# SRAM Rival vs Shimano CX70 (Ultegra) crankset?



## TXBDan (Sep 14, 2010)

Hey guys,

I'm in the market for a new crankset and i'm looking at the Rival and the CX70 at the same price point. 

Any opinions?

Thanks!


----------



## OnTheRivet (Sep 3, 2004)

TXBDan said:


> Hey guys,
> 
> I'm in the market for a new crankset and i'm looking at the Rival and the CX70 at the same price point.
> 
> ...


I'm a diehard Shimano guy but can't get past the aesthetic of their newer cranksets. I Run Sram cranks on my Shimano equipped bikes. Aside from looks the Rival has better chainrings. Performance will be indistinguishable between the two.


----------



## TXBDan (Sep 14, 2010)

hah, i was thinking the Shimano stuff was pretty ugly myself. I had it in my head that Shimano did a better job with front shifting though so i was considering them. The rest of my bike is SRAM Rival, so i guess that's the way to go. Thanks!


----------



## tiflow_21 (Nov 21, 2005)

I upgraded to a cx70 crank this year on my cross bike and have to say the improvement to front shifting, everything else the same, was HUGE. I know others in the area who made the same upgrade and thought the same. Can't say I've heard a lot of good things about the rival cranks/rings, other than they work.


----------



## TXBDan (Sep 14, 2010)

The plot thickens. What crank/rings were you running before the cx70?


----------



## tiflow_21 (Nov 21, 2005)

TXBDan said:


> The plot thickens. What crank/rings were you running before the cx70?

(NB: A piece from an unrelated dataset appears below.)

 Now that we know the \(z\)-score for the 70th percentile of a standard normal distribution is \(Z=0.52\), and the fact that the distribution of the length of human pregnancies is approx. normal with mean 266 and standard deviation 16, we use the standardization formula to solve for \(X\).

A few road/cross cranks I've run in the past are shimano 105, Truvativ, and specialized carbon. All have been fine, but the shimano rings, stiffness, and ease of installation definitely stand out. Too bad shimano refuses to make pressfit cranks, otherwise I'd probably run them on all my bikes. As much as I like the shimano offerings I'm not willing to run an adapter in a pressfit bb to fit a threaded bb.

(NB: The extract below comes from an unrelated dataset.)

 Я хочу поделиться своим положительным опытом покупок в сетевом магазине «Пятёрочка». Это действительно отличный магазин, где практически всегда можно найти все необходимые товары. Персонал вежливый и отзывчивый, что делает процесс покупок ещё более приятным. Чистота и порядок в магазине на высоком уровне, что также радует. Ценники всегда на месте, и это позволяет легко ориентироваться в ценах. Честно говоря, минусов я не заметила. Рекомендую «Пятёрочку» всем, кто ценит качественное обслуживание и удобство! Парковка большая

In an attempt to explain the difference I found when going to the cx70, it was similar to the jump from the previous generation mountain bike 3x systems to the current generation 2x systems. Obviously they both work, but the front shifts are direct with no hesitation on the cx70.


----------



## TXBDan (Sep 14, 2010)

Wow, hrmm. What FD are you running?


----------



## tiflow_21 (Nov 21, 2005)

TXBDan said:


> Wow, hrmm. What FD are you running?


Shimano 105, no change.


----------



## jrm (Dec 23, 2001)

*Out there*

what about the FSA 42/27 386 mtb double


----------



## TXBDan (Sep 14, 2010)

I decided to go for the Rival. Got it for $198 shipped, light weight, matches all my other components, and looks good . I've heard the newer SRAM shifts well and at least leagues better than the Gossamer. We shall see.


----------



## kbiker3111 (Nov 7, 2006)

jrm said:


> what about the FSA 42/27 386 mtb double


Wide-azz q factor.


----------



## cxboy (May 23, 2012)

OnTheRivet said:


> I'm a diehard Shimano guy but can't get past the aesthetic of their newer cranksets. I Run Sram cranks on my Shimano equipped bikes. Aside from looks the Rival has better chainrings. Performance will be indistinguishable between the two.


Agree...


----------



## TXBDan (Sep 14, 2010)

Just went for my first ride with the Rival. WOW. I guess i've never had a crankset this nice cuz this sucker is smooooth. And dead silent. Really amazing difference. I guess my old bearings were more shot than i thought.


----------



## pretender (Sep 18, 2007)

TXBDan said:


> Just went for my first ride with the Rival. WOW. I guess i've never had a crankset this nice cuz this sucker is smooooth. And dead silent. Really amazing difference. I guess my old bearings were more shot than i thought.


Wait a few weeks.


----------



## OnTheRivet (Sep 3, 2004)

kbiker3111 said:


> Wide-azz q factor.


Actually they aren't. I couldn't run mine on my new yeti MTB as they were too narrow. Same 156 Qs the narrow XX cranks.


----------



## commfire (Sep 2, 2009)

Anyone have experience running Praxis cx rings on a sram crankset?


----------